The main goal of this course is to introduce budding and established economists to the world of Python. It is truly that: a world unto itself. It would be impossible to effectively cover all of the topics in this course in 10 hours. However, computer programming is a hands-on endeavor, a craft that must be practiced. To that end, this course will try to introduce you to certain aspects of the Python ecosystem that might be useful for an economist, while providing resources for home study and direction towards other resources. At the same time, it will attempt to illuminate some of the more frustrating aspects and to speed up the incorporation of open source software into your workflow. In summary, this course will help you to set-up your Python environment, introduce the basic tenants of Python programming style and syntax, and touch on some more advanced topics in the hopes of giving you a sense of what may be possible in Python.

Course Format

The course will be made up of lecture and homework. The lectures will cover basic theory and ideas, while the homework will put into practice the ideas from the course. All of the course materials are provided in the form of IPython notebooks (except for the slides, which are pdf) and are fully available on the web with solutions to exercises. It is strongly encouraged that you do the homework in order to learn Python programming. Without practicle application, you will not retain much from the course.

Course Schedule

The course will be organized into five, two hour sessions.
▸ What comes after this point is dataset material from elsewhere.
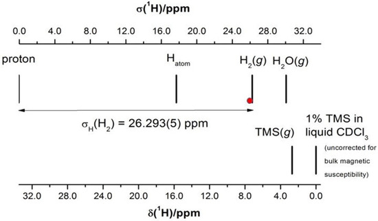 Alternative reference standards of shielding and chemical shifts for 1H NMR: the red dot (•) represents the shielding of liquid water in a spherical sample at 34.7 °C σref(H2Oliq.sph) = 25.790(14) ppm [77], σ0(H2) = 26.293(5) ppm [35], σ0(H2O) = 30.102(8) ppm [29], and σ0(TMS) = 30.783(5) ppm [25]; σ(1% TMS in liq. CDCl3) = 33.480(5) ppm as shown in Table 1.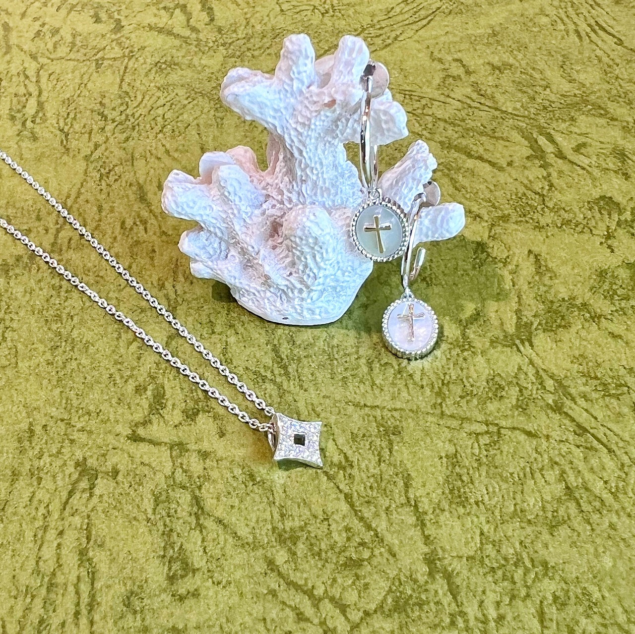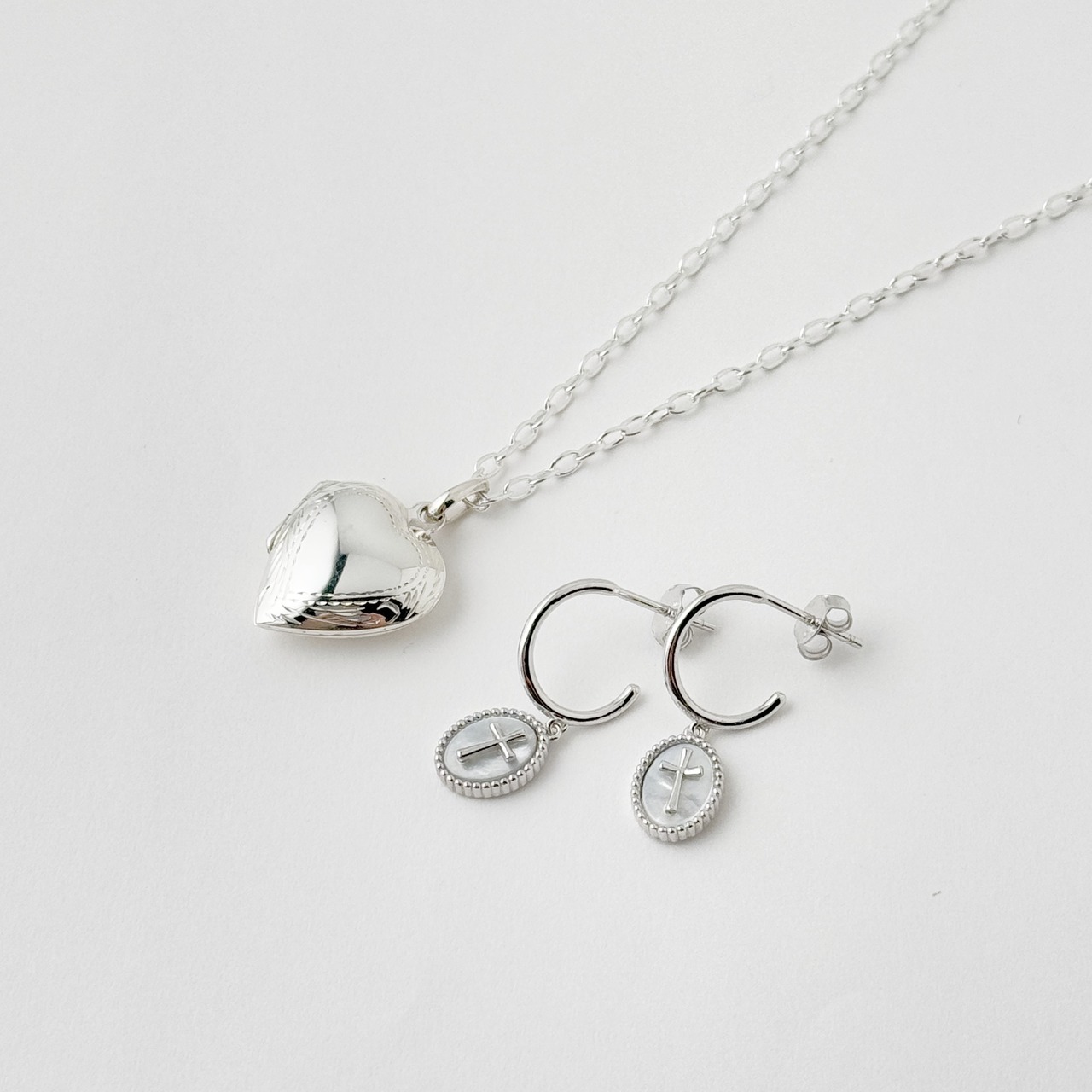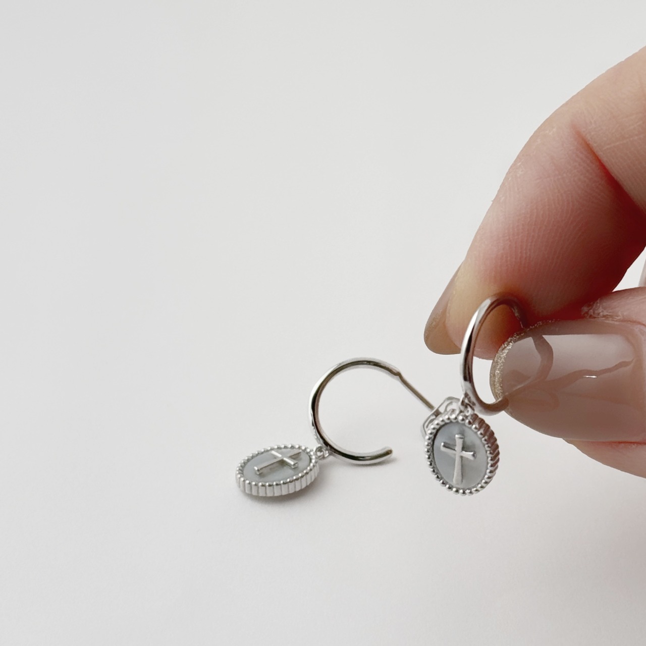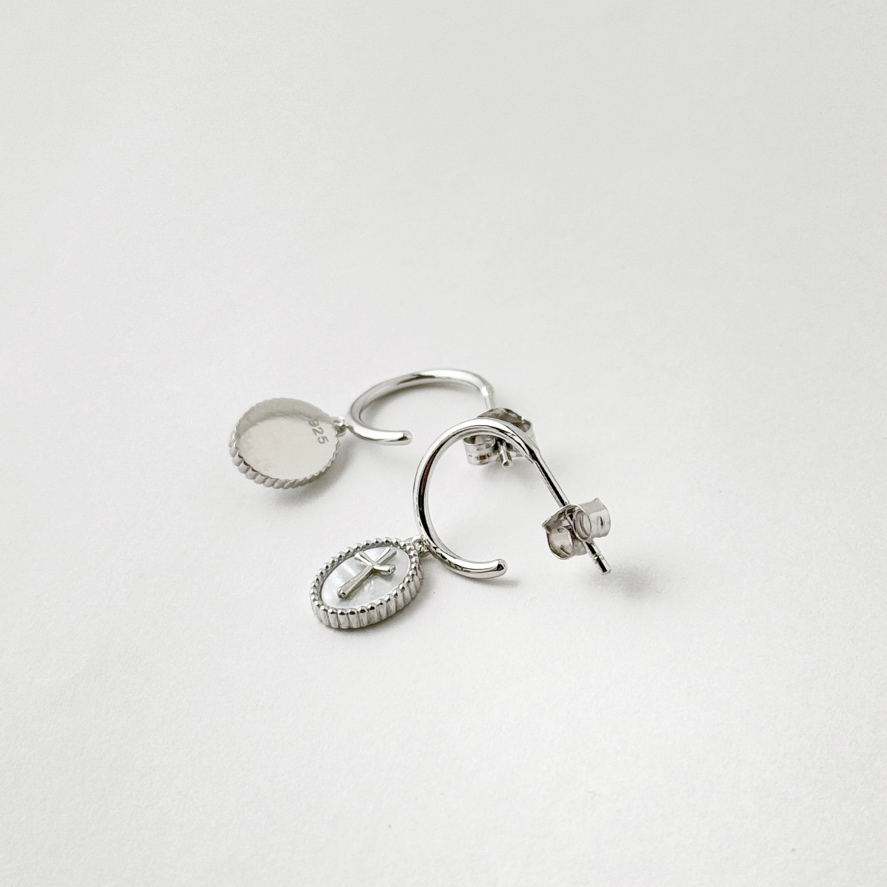 オーバルの台座に白蝶貝、その上に小さなsilver クロスという

Introduction to Python and Open Source Software. This session introduces Python as an open source, high level programming language, as well as a community. By the end of the session, you should be familiar with the following necessary (or at least useful) components for being a participating member of the Python community:
- The Python interpreter.
- Anaconda Python.
- Text editors.
- Stack Exchange.
- GitHub.
- Running Python code.
Additionally, this session will introduce Python style and syntax, data types, modules and packages, the standard workflow, objects and object oriented programming, documentation for collaboration, as well as some basic examples. By the end of this session you should feel comfortable setting up and working in your new Python environment.

Introduction to the Most Used Modules. This session focuses on some of the most useful modules, including NumPy, SciPy, Matplotlib, and Pandas. All of the features discussed will be introduced using basic examples. The main topics covered will be the following:
- NumPy arrays and their syntax.
- Linear algebra.
- Unconstrained optimization.
- Root finding.
- DataFrames.
- Simple plots.
This session is simply meant to introduce the main features of the big four modules and give students time to become more familar with simple Python programs. By the end of this session you should be comfortable enough with the basic Python interface to know what modules you need to import to do basic calculation, data entry, and data visualization.

Advanced Topics in Numerical Methods and Array Manipulation. This session delves more deeply into NumPy and SciPy. We will study the advantages of NumPy's built-in functions and vectorization operations through a practical example: finite elements/projection methods in a simple RBC model. By the end of the session you should be comfortable converting serial/loop style code to vectorized code.

Advanced Topics in Statistics and Data Visualization. This session looks at some of the finer points of data manipulation in Pandas, some econometric methods available from StatModels, as well as how to fine tune your Matplotlib output. We'll see how to automate data retrieval using Python to scrape a webpage for form data and post forms to a site. In Pandas we will focus on data IO and data types, merge, grouping, reshaping, and time series. In StatsModels we will look at some examples of OLS and plotting, but these will only be brief examples meant to introduce the library. Finally, in Matplotlib we will look at the matplotlibrc file, discuss axes objects and object oriented plotting (including subplots). We will also look at Seaborn as an alternative plotting package. As with the previous session, these topics only scratch the surface, but should be enough to get you started. By the end you should at least know where to look to find statistical methods for most economics applications, how to deal with data sets, and be familiar with the finer points of plotting in Python.

CPU and GPU Parallelization: How to super compute. This session will introduce the principles of parallelization and compiler based speed ups. We will begin with a discussion of the basics of how a computer carries out computation, including a discussion of hard disks, ram, CPU, and cores. We'll then discuss why Python is so slow and look at some compilation based solutions to slow code. Next, we'll see some simple parallelization algorithms and how to break down a problem to be parallelized. Next we'll look at multiprocessing for CPU based parallelization. Finally, we'll cover how to use a graphics card to do GPU computation using PyCUDA, which can offer from 300 to 3000 times speed up, and some publicly available resources. By the end of this session you should understand the logic behind parallelization and have a general idea of what resources are available in Python. You should also have an understanding of how to use PyCUDA to run code on a GPU.